Showing posts with label animal shelter. Show all posts
Showing posts with label animal shelter. Show all posts

Wednesday, August 6, 2014

Busy Morning

I slept through the night again!!! It is a miracle. I fell asleep watching a movie last night at like 9:30, got up at 10 and went straight to bed then woke up alittle after 5:30. Sleeping is awesome :)

I got up at 6am to go lay traps for the feral cats. I have 7 traps this time! But I only set 3 because I need to wait and see if they have room for anymore. I already trapped one. She got in the cage but not in all the way and she was so busy eating I was able to sneak up behind her and snap the trap closed.
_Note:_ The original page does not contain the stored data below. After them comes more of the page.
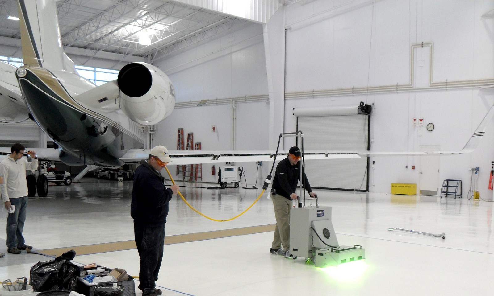 Environmental surfaces are disinfected by permanently installed UV fixtures or mobile room disinfection UV systems while the rooms are unoccupied.
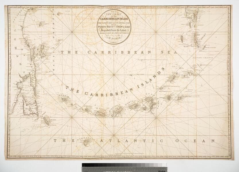 New Chart of the Carribbean Isles called also The Windward & Leeward Islan ds from Porto Rico to Trinidad Improved from the latest Astronomical Observations & Surveys, By J. W. Norie, Hydrographer, &c.Engraved by J. Stephenson 1828
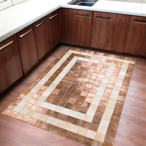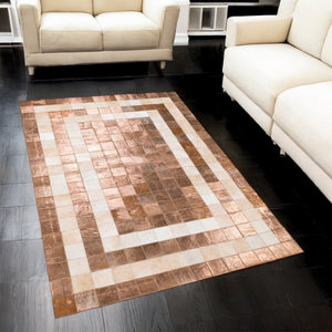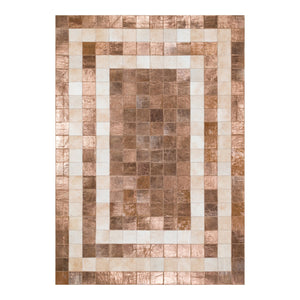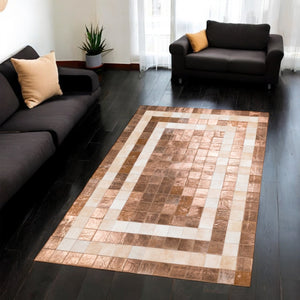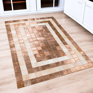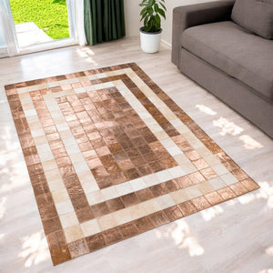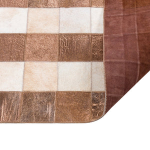 Bronz Renkli Dana Derisi Patchwork Halı – El Dokuma Hakiki Deri Lüks Dekoratif Salon Halısı

Tomorrow I am taking them to another spay clinic. We get them spayed and some shots and flea meds then release them back. If I can catch 7 Ill be pretty much done with this colony. But I doubt I will have that much luck. I have already caught and released 6 cats from here and not alot more make this their permanent home but travel so we will see.

No bike ride this morning though. Way too tired after caring out all those traps. I am exhausted and a sweaty mess ewww. I also really need to invest in bug spray because I am covered in mosquito bites.

I am excited to go help out at the clinic tomorrow. I really love doing it. It is alot of work but so worth it. This will be my third time doing it.

As soon as my DH wakes up we are supposed to go shopping but I doubt that will really happen lol. We didn't go shopping last week so we are in dire need of restocking. I should probably make a quick list.

Sunday, July 27, 2014

Restless

**Warning below are pictures of an injured cat. He is ok now! But you may wish not to see them. It is really not too bad but there is blood.






Well I got a surprise period on Friday! I have PCOS which means it truly was a surprise. The good news is that it means between the metformin, diet & exercise things are working how they should! The true test ofcourse will be if it visits again next month but right now I am happy about it.

Well as happy as one can be while being irritable and in tons of pain. My body isn't used to having to go through this and just working so hard that it causes me alot more pain then normal. I am taking a steady stream of midol and prescription ibuprofen when it gets too much. Honestly it isn't as bad as it has been in the past where I would literally be on the floor in a ball crying and unable to move. So this is cake compared to that. I am trying to stay up and active but really its hard.

I am also sore all over and cranky and having mad cravings for bad bad things. I keep reminding myself that this is NOT a free pass to eat whatever I want. I think overall I am doing really well keeping it together. Proud of myself.

I have plans to volunteer at the animal shelter tomorrow. A huge part of me is like nooo why did u agree to that. Its bad enough that I am on my period so I really don't feel like leaving the house but it also means a lot of walking home because I didn't want to wait really late for a bus. Then on top of that my anxiety is through the roof. Facing my anxiety is like facing a room full of giant spiders. I really don't wanna do it lol. But I will never be better if I don't push myself out of my comfort zone.

As much as I hate it, I am doing something good helping the cats. Plus I get to see a cat I rescued and named. His name is now Lucky and he is awaiting adoption at the shelter. I trapped him and we got him vet help because half his tail was missing and what was left was in big time need of assistance. So much blood.






He now just has alittle tiny stub of a tail left. But he is in good hands now and will get a loving caring home. He used to have a home but they kicked him out after he was injured. Breaks my heart that people can be so cruel. Keep your pet cats indoors people and if they are injured do whatever possible to get them to a vet!


Anyways today I am feeling bored and restless and irritable. I hope tomorrow I feel better.